Nano-Electronics/Spintronics and Nano-Optics
Nano-Electronics/Spintronics and Nano-Optics
◈ 연 사 : 김 광 수 교수 (포항공대 화학과)
◈ 일 시 : 2010년 4월 9일 (금) 오후 2:45 ~ 4:15
◈ 장 소 : LG동 강당
◈ 초청자 : 권 오 대 교수 (T.2212)
Abstract
I discuss the electron and spin transport phenomena in nanodevices [1]. Given that an intricate problem in molecular electronics is to control the molecule-electrodes contacts, I will show that carbon-based electrodes are able to provide pristine molecular characteristics much better than Au or Ru electrodes. Graphene nanoribbon spin-valve devices are found to show the super magnetoresistance behavior, i.e., the ideal behaviour with perfect transmission/reflection for the parallel/anti-parallel spin configuration [2]. The device is able to play a role as a spin filter which selectively transmits near 100% spin-polarized current. Our recent work on the graphene synthesis and transfer [3] and the enhanced resonance Raman spectroscopy on the graphene substrate through nano-scale lenses are also addressed for the futuristic graphene nanotechnology.
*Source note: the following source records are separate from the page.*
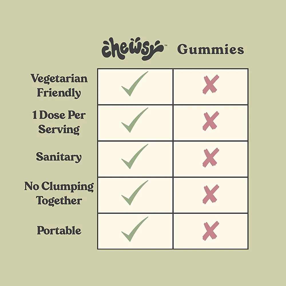 Chewsy is packaged in a smart way, with each chew individually wrapped for a more hygienic and safer alternative. Our chews are concentrated and deliver in one dose the equivalent of 2-6 gummies, so our 30-day supply pack is enough to help you achieve your goals.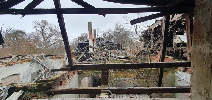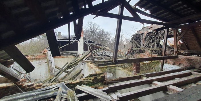 Rand pe rand, stresinile au cedat, la fel si acoperisul, iar acum din splendida cladire de altadata au mai ramas doar bucati de ziduri scorojite si schimonosite de rupturi, ce risca si ele sa dispara, inghitite de vegetatia salbaticita.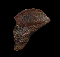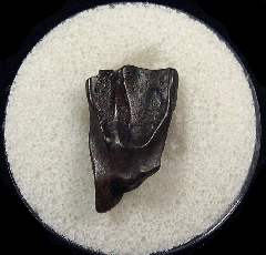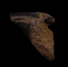 A Top Quality, Triceratops horridus shed tooth or "spitter" tooth with a large crown ridge from the late Cretaceous of northern North America. Triceratops is a large ceratopsian dinosaur found in the Hell Creek formation. The enamel is excellent quality with nice color / patina. This tooth is commonly called a "spitter" tooth as it was worn out, released, and replaced. No cracks. No restoration. Legally collected on private land in the Hell Creek Fm., Carter Co., Montana. Authenticity guaranteed. An excellent, large Triceratops spitter tooth!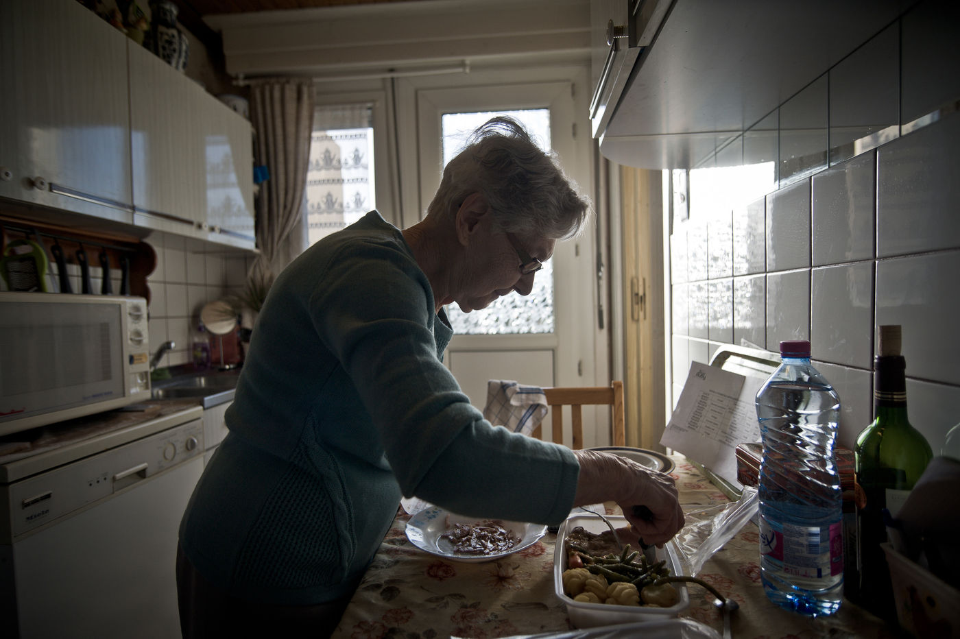 Une personne de la mairie lui amène chaque jour ses repas. Ses enfants et ses petits enfants passent aussi beaucoup de temps avec elle, pour le repas de midi surtout. Les docteurs et infirmières viennent aussi de temps en temps.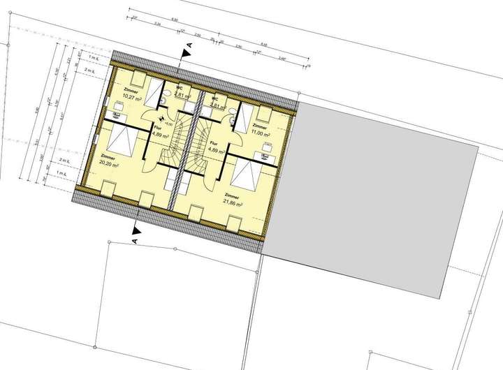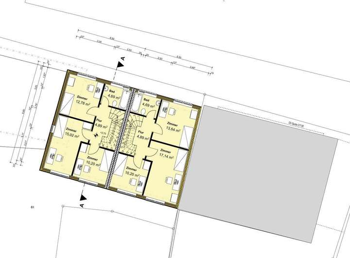 Zum Angebot gehört eine bestehende Baugenehmigung für zwei moderne Wohneinheiten: ein Reihenmittelhaus sowie ein Reihenendhaus mit einer geplanten Gesamtwohnfläche von 282,95 m². Ergänzt wird das Ensemble durch eine großzügige Doppelgarage, die den Wohnkomfort abrundet.

Then, I discuss nanoscale lenses showing the super-resolution. Despite numerous studies of miniaturized lenses, no serious studies have been undertaken on lenses for subwavelength nano-optics. Thus, we fabricate well-defined self-assembled organic nanoscale lenses with sphere-derived shapes of radius from 50 to 3000 nm [4]. These nanoscale spherical lenses show near-field high-resolution. In contrast to geometrical optics lenses, they exhibit curvilinear trajectories of light, resulting in remarkably short near-field focal lengths. This in turn results in near-field magnification which is able to resolve features beyond the diffraction-limit. Such spherical nanolenses provide new pathways for lens-based near-field focusing and high-resolution optical imaging at very low intensities.
[1] (a) W. Y. Kim, et al. Acc. Chem. Res. 43, 111 (2010). (b) W. Y. Kim, et al. Chem. Soc. Rev. 38, 2319 (2009). (c) D. Cheng, et al. Phys. Rev. Lett. 96, 096104 (2006).
[2] W. Y. Kim, K. S. Kim, Nature Nanotech. 3, 408 (2008).
[3] K. S. Kim, et al. Nature 457, 706 (2009).
[4] Lee, J. Y. et al. Nature 460, 498 (2009).